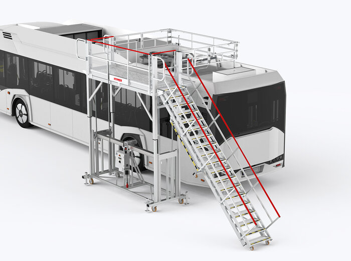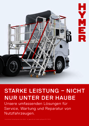 Unsere Steiglösungen für Service, Wartung und Reparatur von Nutzfahrzeugen setzen Maßstäbe. HYMER-Steigtechnik bietet eine breite Palette an Arbeitsbühnen, Leitern und Plattformen, die nicht nur Ruhezeiten minimieren, sondern auch höchste Ergonomie und Sicherheit gewährleisten. Von Fahrzeugen wie LKWs, Bussen bis hin zu Aufliegern – entdecken Sie unsere Steigtechnikprodukte für die Fahrzeugbranche.
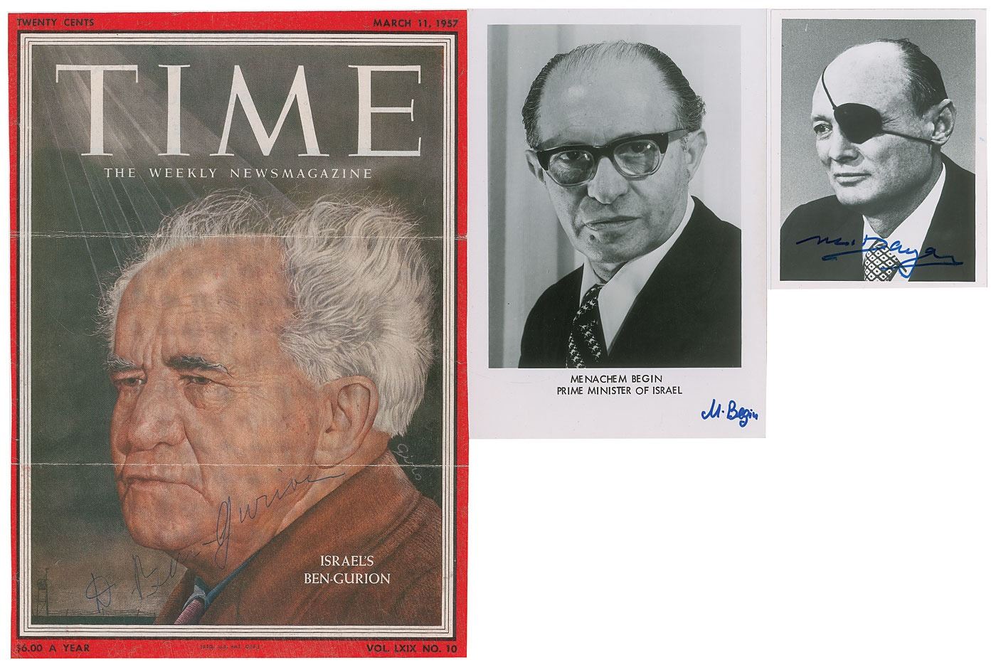 Three items signed in blue ballpoint or felt tip by a notable Israeli political or military leader, including: Menachem Begin (glossy 5 x 7.25 photo), Moshe Dayan (glossy 3.5 x 4.75 photo), and David Ben-Gurion (Time magazine cover). In overall very good to fine condition, with trimmed edges and mailing folds to the Ben-Gurion cover.
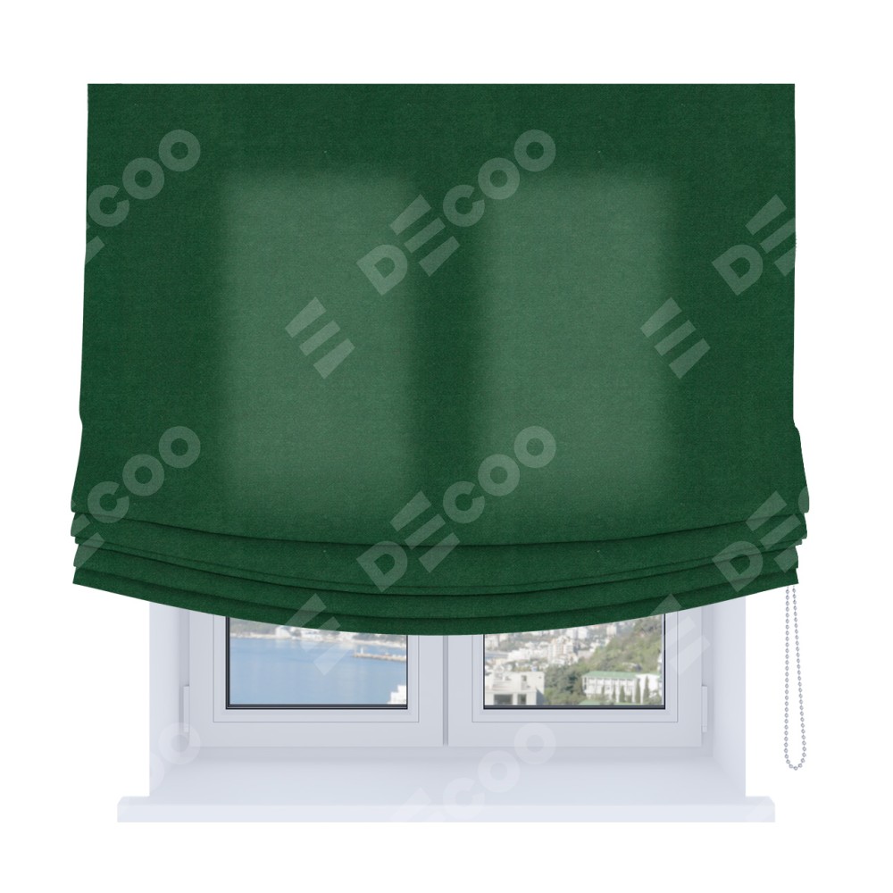 Римская штора Soft производителя «Cortin», используется для проёма, пошита из ткани вельвет зелёный, артикул ткани 85546. Имеет универсальный механизм и подходит для монтажа: на потолок, на стену и в нишу. В отличие от стандартных римских штор, римская штора Soft не имеет горизонтальных вставок и нижнего отвеса. Это позволяет ткани произвольно драпироваться в свободные мягкие складки.
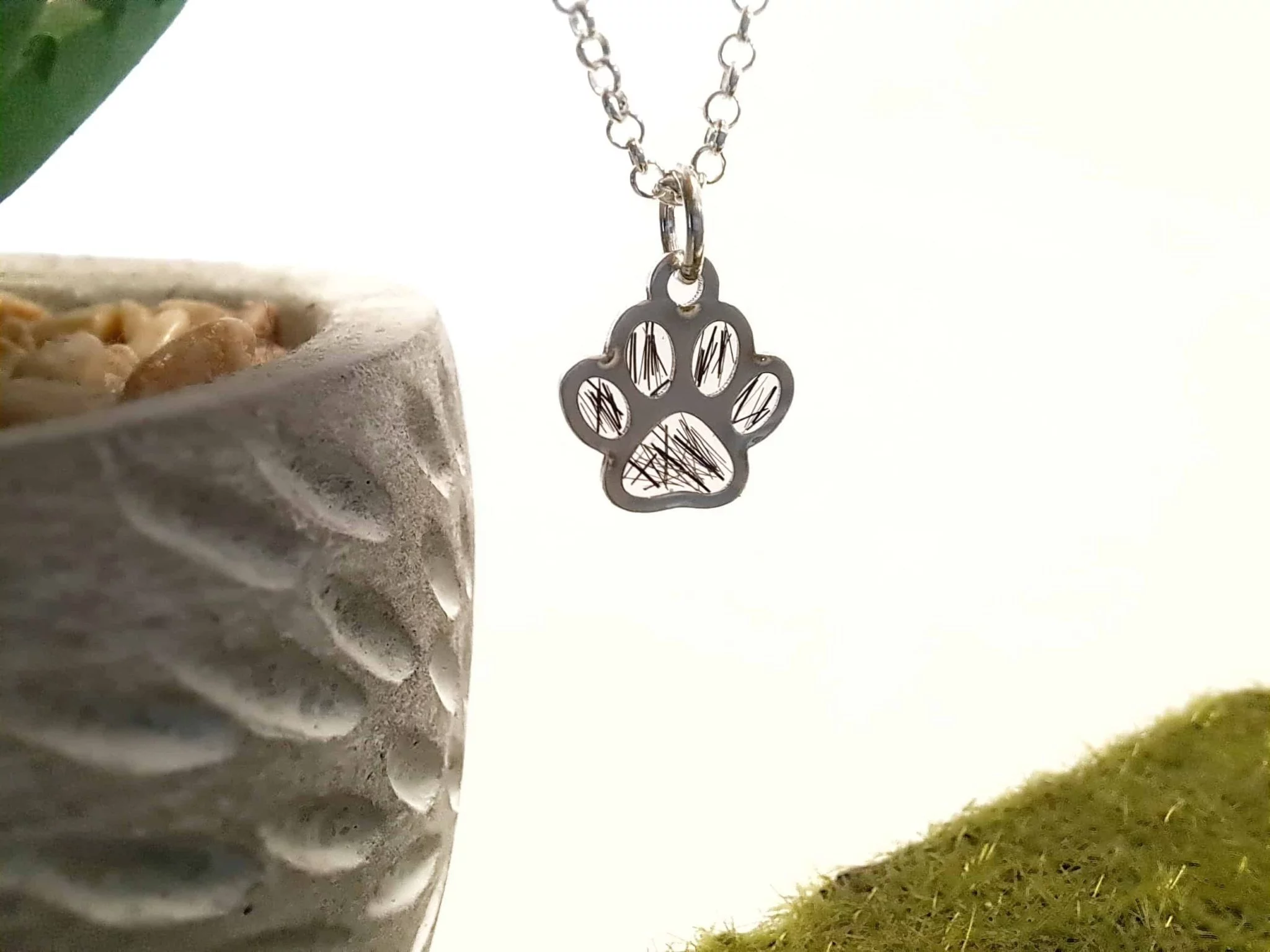 Minimalistyczny naszyjnik w kształcie łapki z zamkniętą w środku sierścią lub prochami zwierząt. Całość wykonana ze srebra (próba 925). To idealna propozycja dla kobiet ceniących sobie delikatną i subtelną biżuterię, która ma stanowić pamiątkę po zwierzęcym przyjacielu.
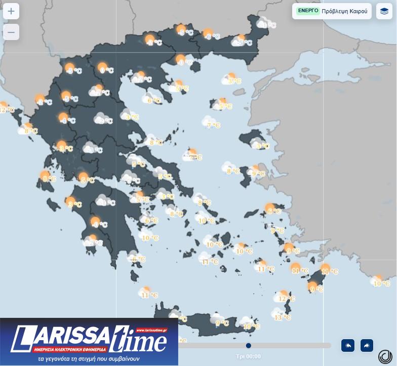 Θερμοκρασία: Από -03 (μείον 3) έως 09 βαθμούς Κελσίου. Στη Μακεδονία 3 με 4 βαθμούς χαμηλότερη.
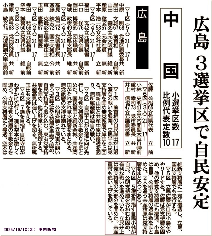 ところで、10/15に選挙戦に突入しまして、本日で4日目となりますけど、本日の中国新聞朝刊に広島県1〜6選挙区の現況の記載が…
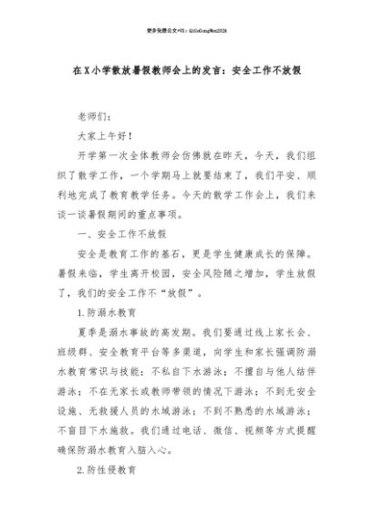 【七哥公文】2025年:【七哥公文】在X小学散放暑假教师会上的发言:安全工作不放假+更多免费公文+VX:QiGeGongWen2024+更多免费公文+VX:QiGeGongWen2024
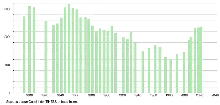 L'évolution du nombre d'habitants est connue à travers les recensements de la population effectués dans la commune depuis 1793. Pour les communes de moins de 10 000 habitants, une enquête de recensement portant sur toute la population est réalisée tous les cinq ans, les populations légales des années intermédiaires étant quant à elles estimées par interpolation ou extrapolation[23]. Pour la commune, le premier recensement exhaustif entrant dans le cadre du nouveau dispositif a été réalisé en 2008[24].
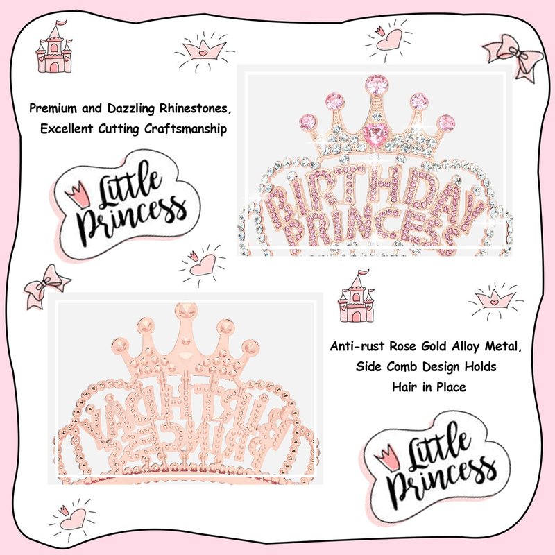 - Unique Design: The pink "BIRTHDAY PRINCESS" rhinestone design in the center of the crown makes you look like a princess or a queen, more charming and stunning. The sparkling rhinestones are set into the alloy and will not come off easily. No matter when or where, it keeps up with the fashion trend.
● ● ● ●
WHAT THIS TASK INVOLVES. Could you transcribe exactly the entries above, but only the lines from the one with "Minimalistyczny naszyjnik w" through the one with "Θερμοκρασία: Από -03", and without pictures?

COMPLETED TASK.
 Minimalistyczny naszyjnik w kształcie łapki z zamkniętą w środku sierścią lub prochami zwierząt. Całość wykonana ze srebra (próba 925). To idealna propozycja dla kobiet ceniących sobie delikatną i subtelną biżuterię, która ma stanowić pamiątkę po zwierzęcym przyjacielu.
 Θερμοκρασία: Από -03 (μείον 3) έως 09 βαθμούς Κελσίου. Στη Μακεδονία 3 με 4 βαθμούς χαμηλότερη.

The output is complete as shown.